Aldi sells around a 20th of the products Tesco sells, Hyman estimates, and operates from smaller stores on tighter margins.

“They’re very complex and just opening stores that are vaguely similar in size is not really going to move the dial,” he adds. “The writing was on the wall from the very beginning. In my opinion it was not good strategic thinking.”

Lim, CEO at Retail Economics, adds that Tesco’s lack of “commitment” towards scaling the proposition was a major factor in its failure.

“They’d have had to scale in order to take on the likes of Aldi and Lidl. Jack’s didn’t have the scale to be able to take that on. So it was always just going to be an experiment,” he says.

A branding failure

When Jack’s launched three years ago, Marketing Week columnist Mark Ritson said Tesco had made a “foolish move”, predicting the chain would fail.

“[Tesco] has forgotten one of the core principles of branding – to thine own self be true,” he wrote. “Tesco cannot possibly match Aldi or Lidl. And while it wastes time and resources and people and money on this futile strategy, the focus on Tesco being Tesco will be lost.”

Similarly, Hyman argues that “being distracted by trying to be what they’re not” was a bad strategy for the grocer.

“You’ve got to believe in who you are or your customers won’t believe in who you are,” he says. “The best thing Tesco can do is put all its efforts into being as much like Tesco as it possibly can.”

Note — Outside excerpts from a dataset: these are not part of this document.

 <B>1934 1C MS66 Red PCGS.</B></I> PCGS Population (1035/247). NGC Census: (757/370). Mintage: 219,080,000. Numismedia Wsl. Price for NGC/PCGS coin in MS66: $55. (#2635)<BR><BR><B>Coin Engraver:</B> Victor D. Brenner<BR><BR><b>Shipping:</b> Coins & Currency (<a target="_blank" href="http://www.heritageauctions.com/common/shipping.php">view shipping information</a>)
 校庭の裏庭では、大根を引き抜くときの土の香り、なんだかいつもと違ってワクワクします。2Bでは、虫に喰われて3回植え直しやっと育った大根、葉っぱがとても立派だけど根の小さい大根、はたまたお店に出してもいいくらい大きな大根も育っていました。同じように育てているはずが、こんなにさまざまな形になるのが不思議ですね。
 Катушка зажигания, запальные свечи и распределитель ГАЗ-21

Surprised that Tesco’s strategy to combat the rise of discounters was to launch a spin off discount brand, Lim says he had expected Tesco to try to leverage the differentiation it already had.

“A better route would have been to try to leverage the brand and create an effective point of differentiation from the discounters,” he says.

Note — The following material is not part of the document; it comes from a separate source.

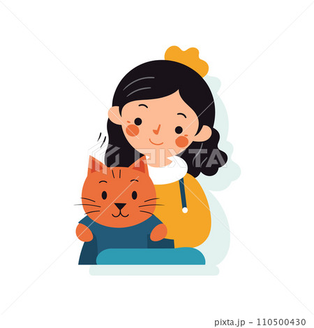 A girl is happily holding a smiling orange cat in this vector illustration.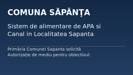 Primăria Comunei Sapanta solicită Autorizație de mediu pentru obiectivul: SISTEM...

Yet, as Lim points out, Tesco has performed increasingly well over the past three years. In its third quarter and Christmas trading statement, the business claimed to have reached its highest market share in four years. It grew share both in stores and online and marked 22 consecutive periods of customer switching gains.

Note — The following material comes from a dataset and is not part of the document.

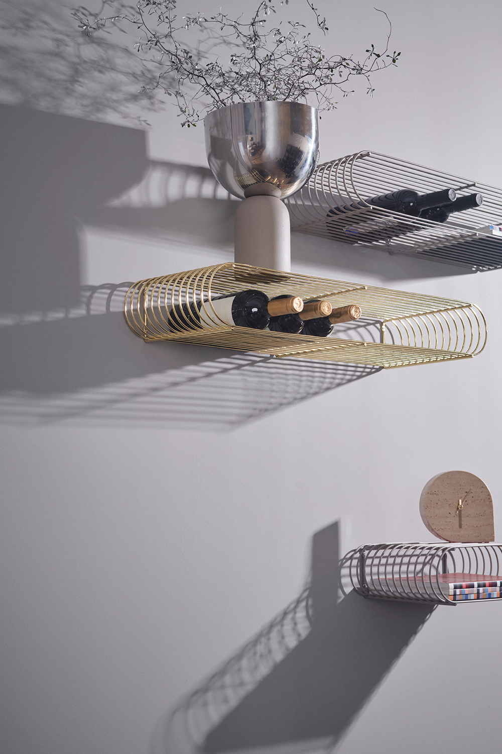 CURVA-hyllyn aaltoilevat muodot ovat saaneet inspiraationsa meren liikkeistä. Minimalistinen ja monikäyttöinen hylly mukautuu erilaisiin tarpeisiin – se voi toimia käytännöllisenä istuimena eteisessä tai näyttävänä seinäelementtinä. Veistokselliset metallilangasta muotoillut linjat tuovat tilaan keveyttä ja liikettä, ja selkeä design sulautuu saumattomasti mihin tahansa sisustukseen. Hyllyä voi täydentää CURVA-puutarjottimella, joka on suunniteltu istumaan hyllyn päälle täydellisesti. Saatavana eri väreissä ja kokovaihtoehdoissa.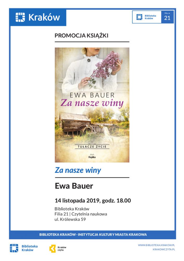 Spotkanie autorskie z Ewš Bauer oraz promocja najnowszej powieci Za nasze winy

Tesco should have been focusing on its strengths rather than trying to replicate the discount model.

Richard Lim, Retail Economics

In yesterday’s statement, Tesco’s UK CEO implied that some of that growth can be attributed to the “huge amount” the business learned through running Jack’s stores. The experience helped Tesco become “more competitive, more efficient, and strengthened our value proposition”, Jason Tarry said. This includes through the launch of the ‘Aldi Price Match’ as well as its ‘Fresh 5′ fruit and veg discount offer.

“In turn, this has enabled us to consistently attract new customers to Tesco from our competitors over the last two years and we know they increasingly recognise the value they can find at Tesco,” he added.

However, questioning how much Tesco learned from Jack’s that couldn’t have been learned another way, Hyman says: “They could have visited a few Aldis instead. It would have been cheaper and easier. It’s a very expensive way of learning and ultimately it was a mistake.”

Retail Economics’ Lim adds that if Jack’s had in fact been a successful experiment for Tesco, there would be no reason to shut down the brand.

“Reading between the lines, that wasn’t the case. So they’ve decided to cut their losses where it is,” he says. “It should receive some kind of praise for trying something new, testing and measuring it and learning as it goes along, [but] I don’t think it was the right experiment to do.”

He adds that there are more lucrative opportunities for grocers than discounting at present, such as in rapid delivery and the takeaway market.

“Ultimately, Jack’s appears to have been a mistake. I don’t think [Tesco] should have tried to compete on a like-for-like basis with the discounters. It would have been better putting resource, effort and attention on the core business,” Lim concludes.

“It should have been focusing on its strengths rather than trying to replicate the discount model.”

Indeed, that opinion appears to be where Tesco has now itself landed, as Tarry promises the retailer will now focus on its “core business” moving forward.

“With the learnings from Jack’s now applied, the time is right to focus on ensuring we continue to deliver the best possible value for customers in our core business,” he said.